→ **What the task asks**
Please restate each line of the data below exactly. Omit all images.

Extracted records:
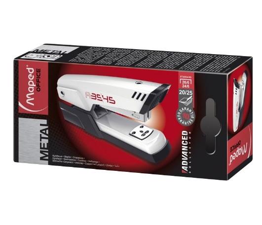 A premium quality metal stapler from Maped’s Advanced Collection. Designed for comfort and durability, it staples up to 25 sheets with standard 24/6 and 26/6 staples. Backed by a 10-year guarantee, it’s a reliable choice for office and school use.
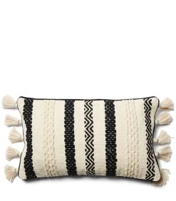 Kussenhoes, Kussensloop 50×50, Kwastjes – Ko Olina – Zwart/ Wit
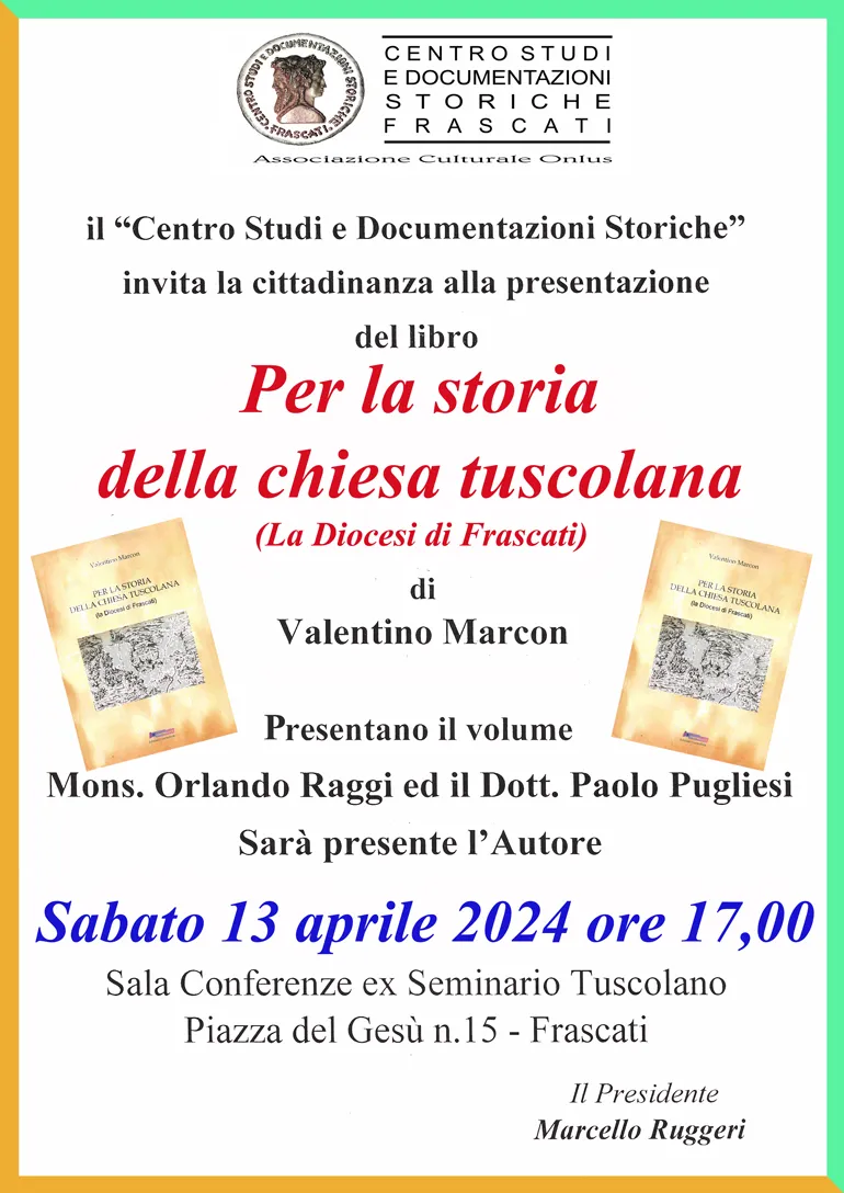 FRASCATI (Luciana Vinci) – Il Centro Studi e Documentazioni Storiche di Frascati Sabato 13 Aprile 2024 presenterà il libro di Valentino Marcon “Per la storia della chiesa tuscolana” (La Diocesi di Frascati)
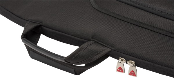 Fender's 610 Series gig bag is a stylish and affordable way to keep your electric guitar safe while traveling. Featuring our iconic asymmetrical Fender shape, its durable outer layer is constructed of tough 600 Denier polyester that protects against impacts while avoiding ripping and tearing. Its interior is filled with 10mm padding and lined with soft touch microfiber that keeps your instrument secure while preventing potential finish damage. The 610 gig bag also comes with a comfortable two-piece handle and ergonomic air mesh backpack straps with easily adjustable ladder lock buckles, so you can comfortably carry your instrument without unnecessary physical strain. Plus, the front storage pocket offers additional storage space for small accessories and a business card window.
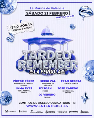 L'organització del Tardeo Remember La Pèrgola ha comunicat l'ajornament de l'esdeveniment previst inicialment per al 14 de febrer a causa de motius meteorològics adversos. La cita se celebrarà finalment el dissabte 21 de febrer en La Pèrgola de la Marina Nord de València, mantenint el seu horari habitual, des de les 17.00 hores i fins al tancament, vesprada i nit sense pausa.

→ **Written reply**
 A premium quality metal stapler from Maped’s Advanced Collection. Designed for comfort and durability, it staples up to 25 sheets with standard 24/6 and 26/6 staples. Backed by a 10-year guarantee, it’s a reliable choice for office and school use.
 Kussenhoes, Kussensloop 50×50, Kwastjes – Ko Olina – Zwart/ Wit
 FRASCATI (Luciana Vinci) – Il Centro Studi e Documentazioni Storiche di Frascati Sabato 13 Aprile 2024 presenterà il libro di Valentino Marcon “Per la storia della chiesa tuscolana” (La Diocesi di Frascati)
 Fender's 610 Series gig bag is a stylish and affordable way to keep your electric guitar safe while traveling. Featuring our iconic asymmetrical Fender shape, its durable outer layer is constructed of tough 600 Denier polyester that protects against impacts while avoiding ripping and tearing. Its interior is filled with 10mm padding and lined with soft touch microfiber that keeps your instrument secure while preventing potential finish damage. The 610 gig bag also comes with a comfortable two-piece handle and ergonomic air mesh backpack straps with easily adjustable ladder lock buckles, so you can comfortably carry your instrument without unnecessary physical strain. Plus, the front storage pocket offers additional storage space for small accessories and a business card window.
 L'organització del Tardeo Remember La Pèrgola ha comunicat l'ajornament de l'esdeveniment previst inicialment per al 14 de febrer a causa de motius meteorològics adversos. La cita se celebrarà finalment el dissabte 21 de febrer en La Pèrgola de la Marina Nord de València, mantenint el seu horari habitual, des de les 17.00 hores i fins al tancament, vesprada i nit sense pausa.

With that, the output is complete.